Black Hole Production at the Large Hadron Collider
Douglas M. Gingrich

TL;DR
This paper explores the potential for black hole production at the LHC within TeV-scale gravity models, analyzing how factors like electric charge influence production rates and the implications for fundamental physics parameters.
Contribution
It provides new estimates of lower limits on the Planck scale at LHC energies and investigates the impact of parton electric charge on black hole production cross-sections.
Findings
Electric charge can reduce black hole cross-section by up to four orders of magnitude.
Lower limits on the Planck scale depend on the accuracy of the production cross-section.

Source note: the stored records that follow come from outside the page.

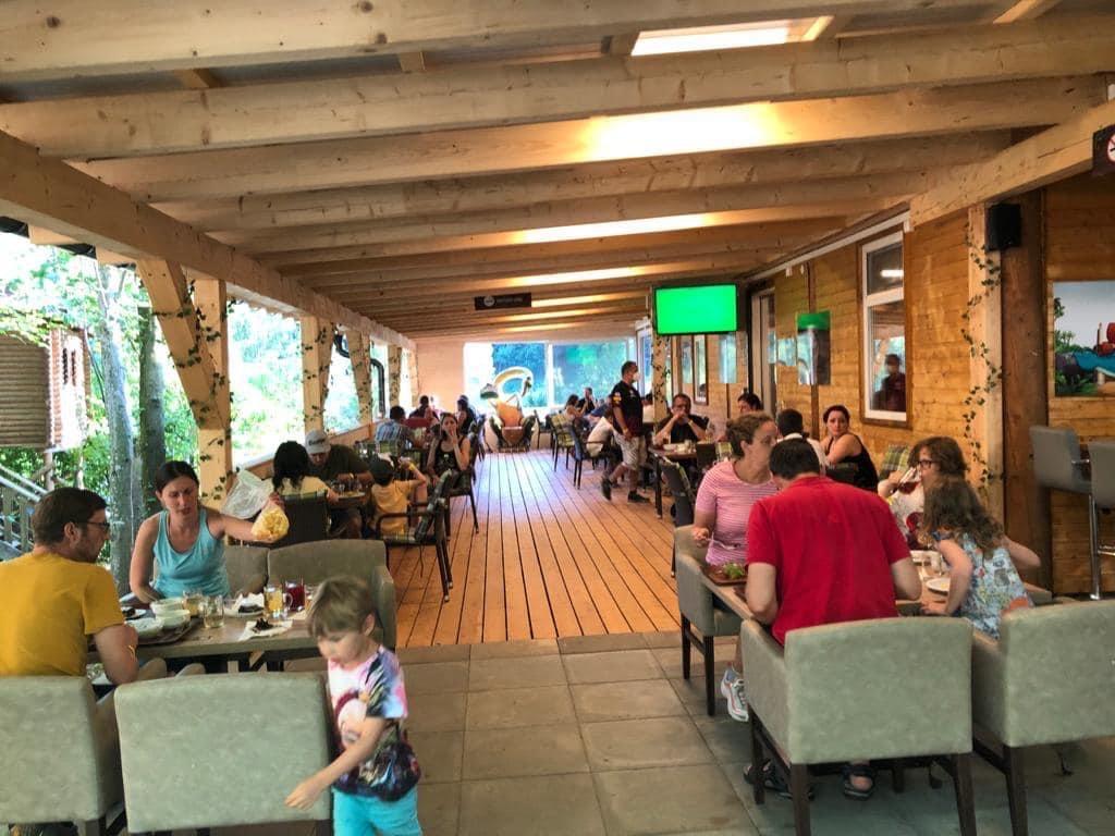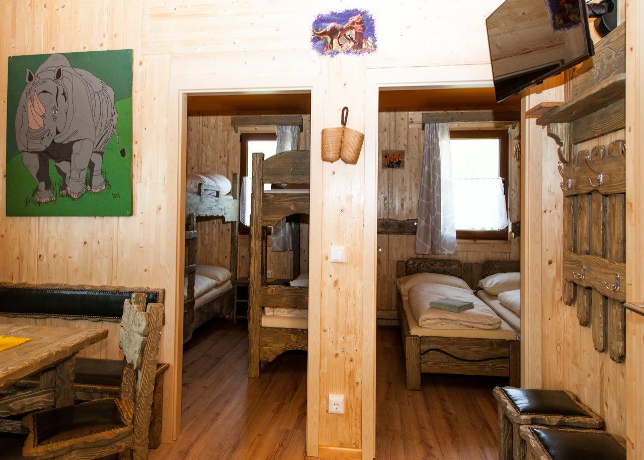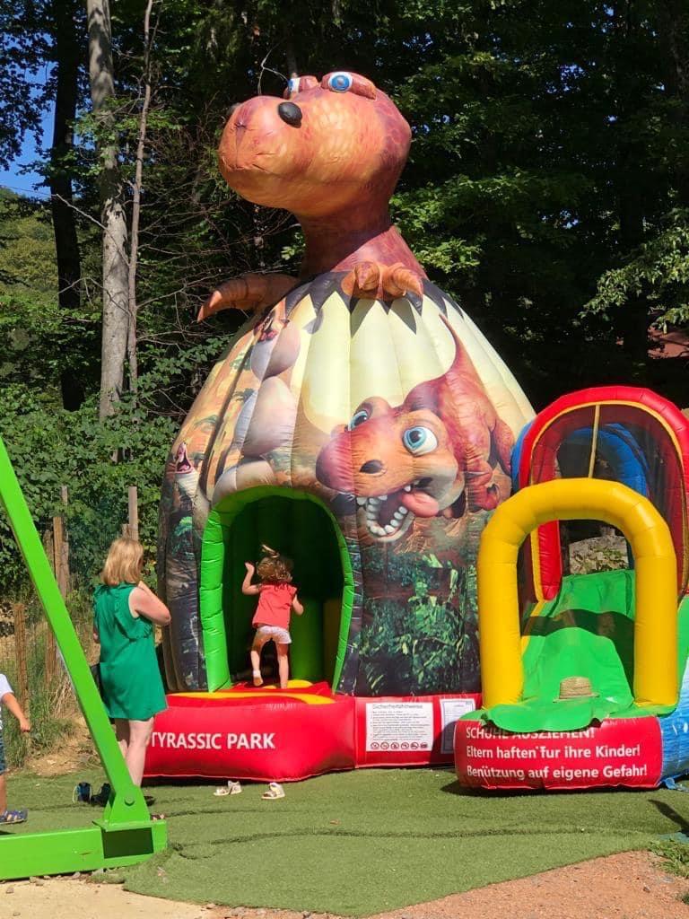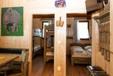 Im Baumhaus Neandertal können bis zu 6 Personen drinnen schlafen. Dieses ist mit 2 getrennten Schlafzimmern (1x Doppelbett und 2x Stockbett), einer handgeschlitzten Küche, einem Badezimmer mit WC, Dusche und Waschbecken sowie einem TV, einer Sitzecke, einer Außenterrasse und einem Lift ausgestattet und befindet sich direkt neben dem Dino-Restaurant.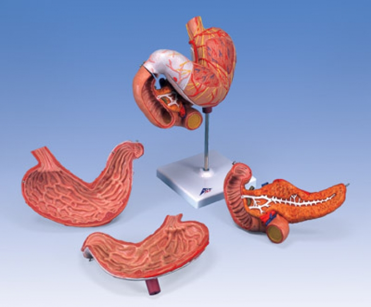 Die vordere Magenhälfte, die eröffnete Bauchspeicheldrüse und Zwölffingerdarm sind abnehmbar. Dargestellt sind: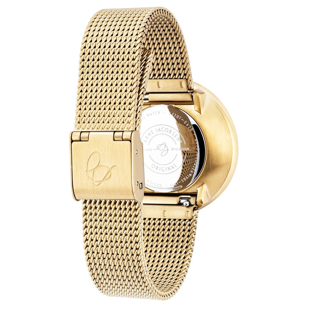 ゴールドで彩った配色が、深いネイビーダイヤルを引き立てる。このネイビーは英国・オックスフォード大学の公式カラーとして知られる色で、どこか知性も感じさせる。(アルネ ヤコブセン)¥34,650/アイ・ネクストジーイー
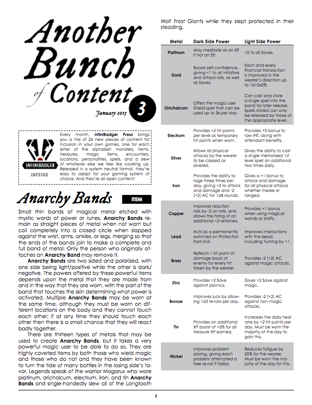Issue #3 January 2015Contents: Anarchy Bands, Bolgar’s Fist, Challak Raiders, Dragon Ticks, Entirodon, Faith’s Hammer, Golem Speaking, Hathamandar Lord of Strife, Iambic Curse, Jackleg, Kaolis, Lesser Signature, Mashka Gateway to the Golden Realm, Neolithic Ward, Octarchy of Gris, Pannikins of Eltash, Questers, Ravagers, Spoileaters, Tabinidic Demon, Unatone, Verbatim, Warbler, Yellow Iron Weapons, Zoo of Tyloem Available via DriveThruRPG and RPGNow. $1.25 |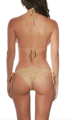 This gorgeous handmade bikini incorporates multi-colored Murano glass beaded straps with gold connectors on the top and bottom. The luxurious electric blue fabric glistens as it wraps around your contours. Cheeky scrunch detailing in the rear.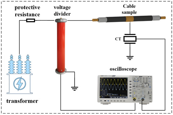 Figure 6 illustrates the experimental platform, consisting of a power-frequency corona-free test transformer, protective resistor, capacitive voltage divider, test cable, precision current transformer (CT, 50–2000 Hz), and high-resolution oscilloscope. The transformer provides a stable high-voltage source, while a 1 MΩ protective resistor is connected in series on the high-voltage side to suppress transient overcurrents during faults. The capacitive voltage divider attenuates the high-voltage signal before transmission to the measurement terminal, ensuring safe and accurate voltage acquisition. The test cable, connected to the high-voltage output, serves as the specimen. A precision current transformer, installed in the grounding loop, collects leakage current signals. Current probes, used to measure leakage currents, were positioned away from the cable’s electromagnetic field to minimize interference, and electromagnetic shielding was applied to prevent distortion. The high-resolution oscilloscope synchronously acquires and displays voltage and current signals, enabling accurate analysis of amplitude and phase relationships. Data was collected for four typical cable defects, with 100 cycles recorded per defect at different severity levels. The sampling frequency was set to 20,000 Hz, yielding 40,000 data points per sample, ensuring detailed capture of leakage current variations for defect identification.
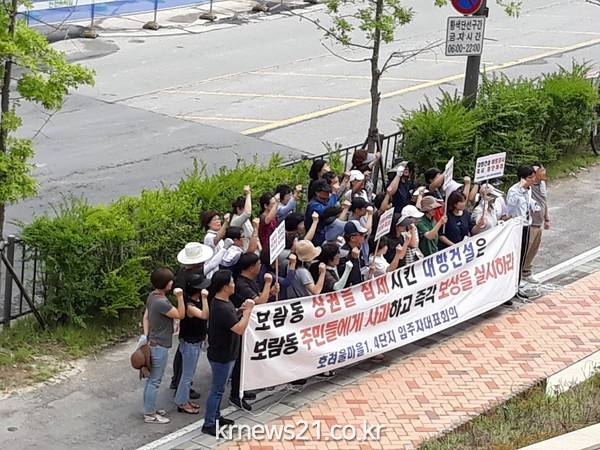 보람동(3-2생활권)에 건설중인 대방디엠시티(호려울마을7단지) 공사현장에서 호려울마을4단지와 1단지 주민 약 40여명이 정문 앞에서 건설사를 규탄하는 집회를 갖었다.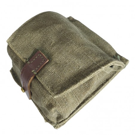 Płócienna ładownica na dwa granaty ręczne. Wzór produkowany od czasów II Wojny Światowej do lat 90-ych. Mocowana do pasa na parciane szlufki. Wersja z grubego, ciemnozielonego brezentu, z brązowym paskiem do zamykania.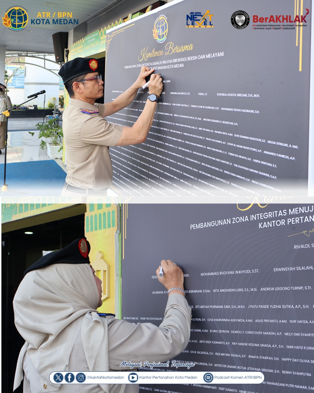Penandatanganan komitmen tersebut dilaksanakan di lingkungan Kantor Pertanahan Kota Medan dan diikuti oleh seluruh jajaran pimpinan serta pegawai. Kegiatan ini menjadi bentuk keseriusan institusi dalam mewujudkan pelayanan yang bersih dari praktik korupsi, kolusi, dan nepotisme, serta berorientasi pada kepuasan masyarakat.

Charge effects are significant and must be considered in black hole production predictions.
Abstract
Black hole production at the Large Hadron Collider (LHC) is an interesting consequence of TeV-scale gravity models. The predicted values, or lower limits, for the fundamental Planck scale and number of extra dimensions will depend directly on the accuracy of the black hole production cross-section. We give a range of lower limits on the fundamental Planck scale that could be obtained at LHC energies. In addition, we examine the effects of parton electric charge on black hole production using the trapped-surface approach of general relativity. Accounting for electric charge of the partons could reduce the black hole cross-section by one to four orders of magnitude at the LHC.